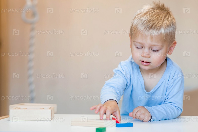 Мальчик 2 лет играет в развивающий конструктор логистика. Детские деревянные игрушки. Монтессори для развития ребенка
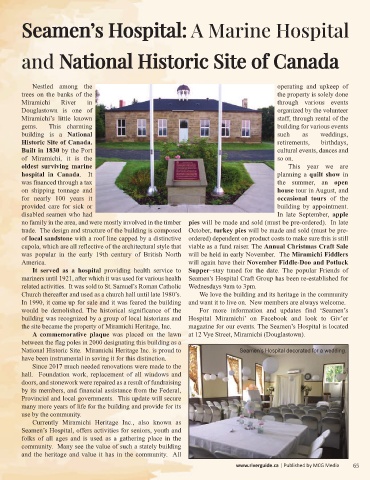 National Historic Site. Miramichi Heritage Inc. is proud to Seamen’s Hospital decorated for a wedding.
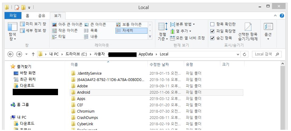 C:\Users\사용자 계정명\AppData\Local 해당 경로에 있는 Android 디렉터리를 삭제해주시면 됩니다.
——
* [PROBLEM STATEMENT]
Any picture in the listing above gets left out; output the rest exactly.

* [EXERCISE RESPONSE]
 Мальчик 2 лет играет в развивающий конструктор логистика. Детские деревянные игрушки. Монтессори для развития ребенка
 National Historic Site. Miramichi Heritage Inc. is proud to Seamen’s Hospital decorated for a wedding.
 C:\Users\사용자 계정명\AppData\Local 해당 경로에 있는 Android 디렉터리를 삭제해주시면 됩니다.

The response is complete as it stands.